#### [REQUIRED ACTION]
Restate the listing below word for word; no pictures belong in the copy.

#### [DATA]
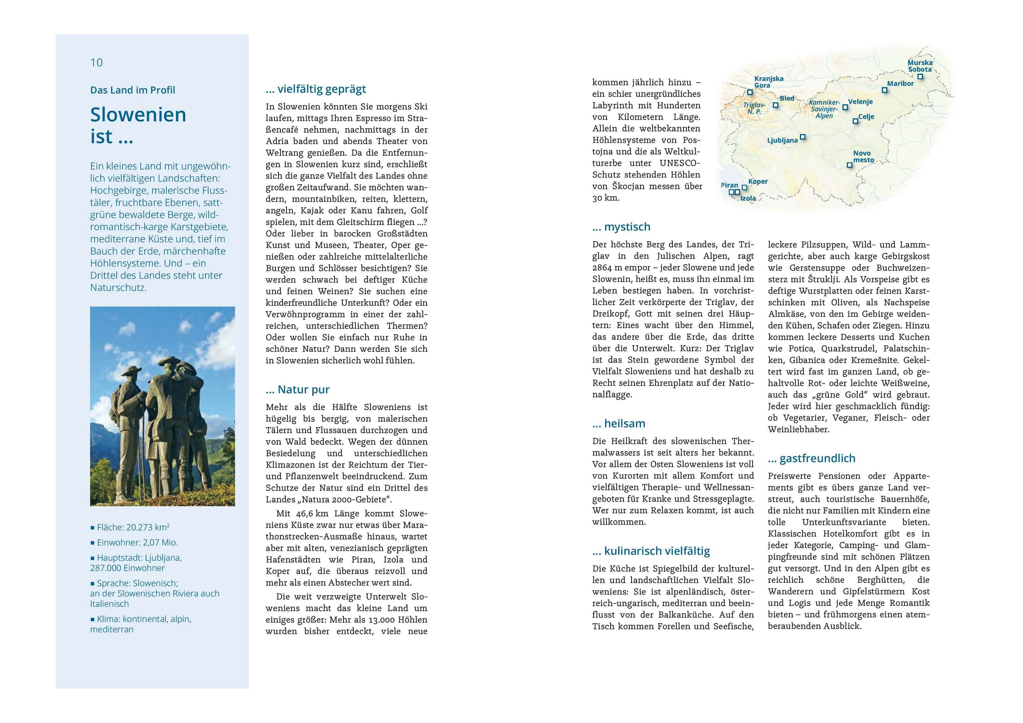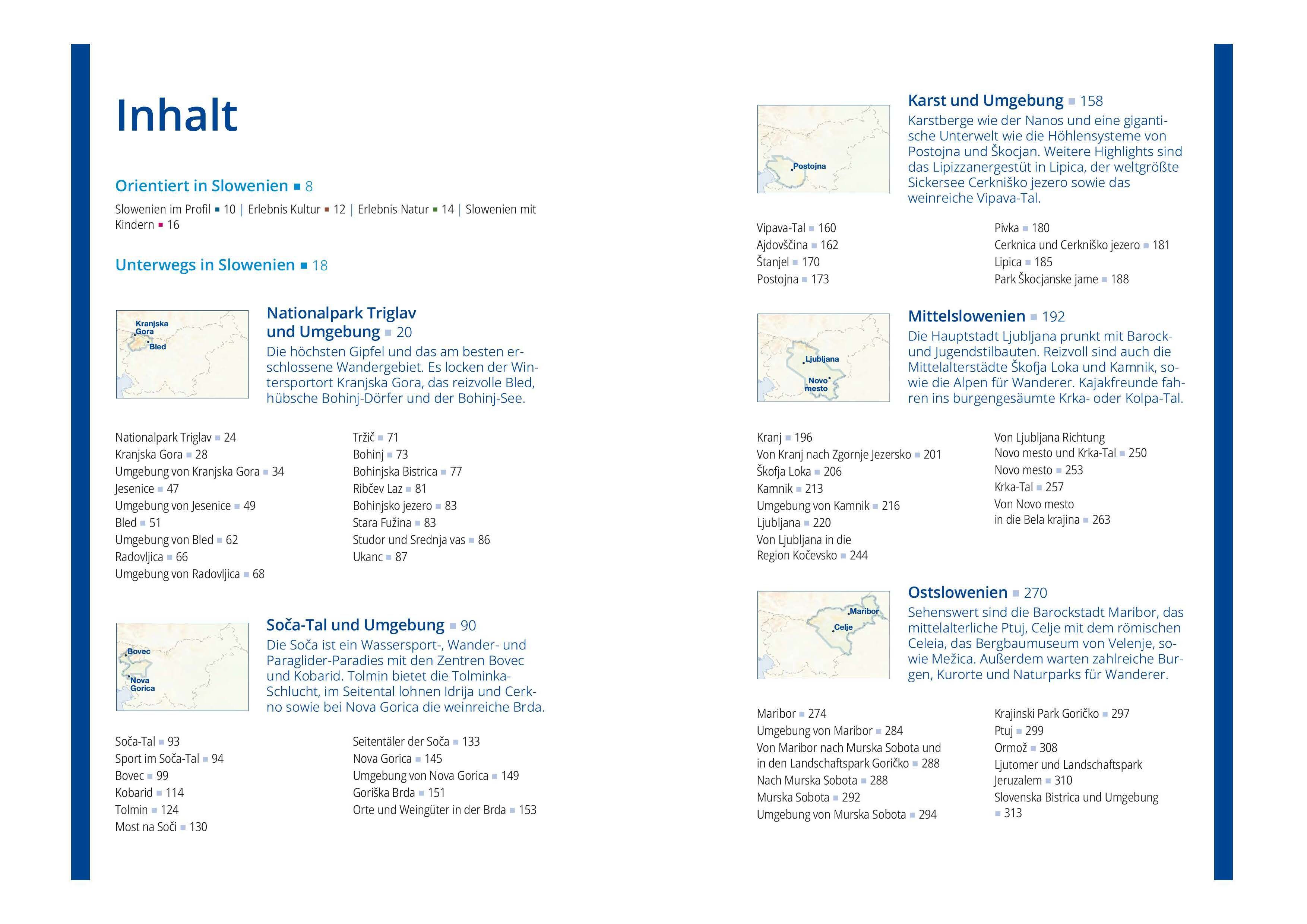 Ljubljana, Maribor, Ptuj und das Krka-Tal werden ebenso präzise vorgestellt wie der Bleder See oder die Höhlen von Postojna. Von den Julischen Alpen über das Soca-Tal bis zur slowenischen Riviera mit Piran und Portoro: Sie planen Ihre Reise mit detaillierten Infos zu Sehenswürdigkeiten Slowenien, Hotels Slowenien, Wanderwegen und regionaler Küche.
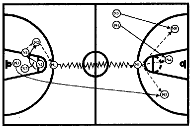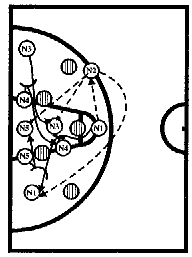 11) при проведении комбинации против зонной защиты, требующей концентрации игроков на одной из сторон поля, следует помнить о том, что в этом случае подбор мяча будет легче осуществить с противоположной стороны, т.к. зона всегда смещается в сторону мяча.
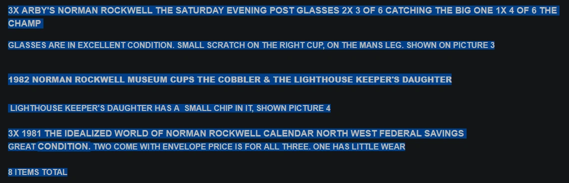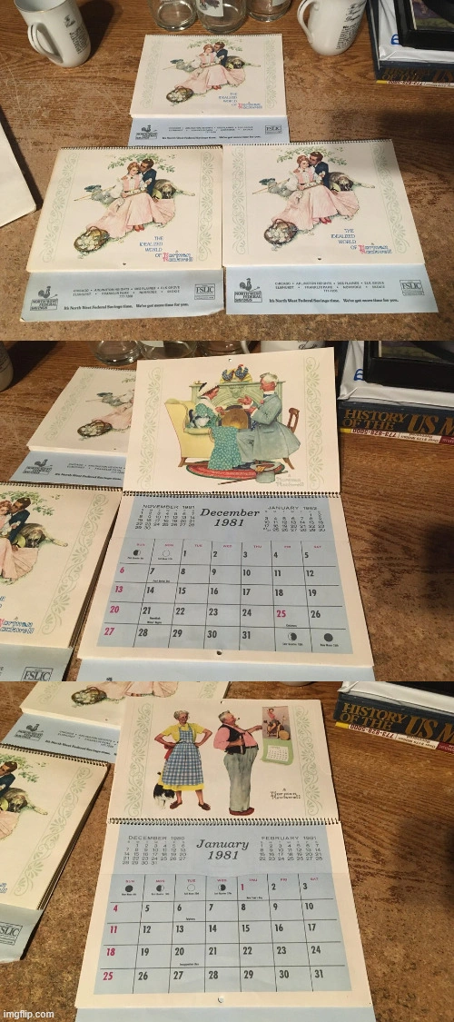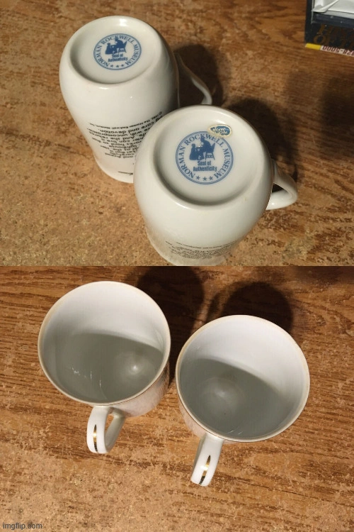 Set of Norman Rockwell mugs and glasses. Features various illustrations from The Saturday Evening Post. Collectible items, excellent condition. Includes calendars. The one cup has a small chip in it shown on the second picture last picture for details on all items all good except for the one cup mentioned pick up at house
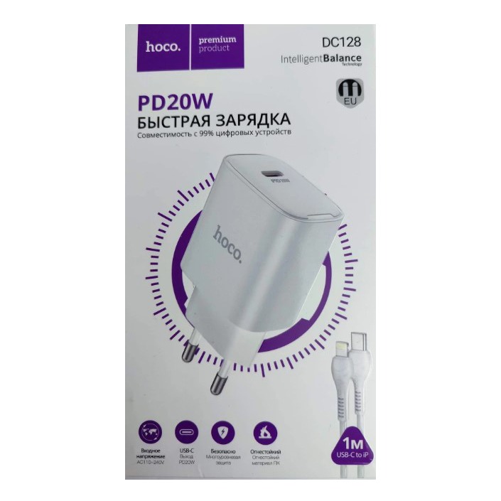 Сетевое ЗУ HOCO DC128 + кабель Lightning/Type-C (PD 20W) белое

#### [ANSWER SECTION]
 Ljubljana, Maribor, Ptuj und das Krka-Tal werden ebenso präzise vorgestellt wie der Bleder See oder die Höhlen von Postojna. Von den Julischen Alpen über das Soca-Tal bis zur slowenischen Riviera mit Piran und Portoro: Sie planen Ihre Reise mit detaillierten Infos zu Sehenswürdigkeiten Slowenien, Hotels Slowenien, Wanderwegen und regionaler Küche.
 11) при проведении комбинации против зонной защиты, требующей концентрации игроков на одной из сторон поля, следует помнить о том, что в этом случае подбор мяча будет легче осуществить с противоположной стороны, т.к. зона всегда смещается в сторону мяча.
 Set of Norman Rockwell mugs and glasses. Features various illustrations from The Saturday Evening Post. Collectible items, excellent condition. Includes calendars. The one cup has a small chip in it shown on the second picture last picture for details on all items all good except for the one cup mentioned pick up at house
 Сетевое ЗУ HOCO DC128 + кабель Lightning/Type-C (PD 20W) белое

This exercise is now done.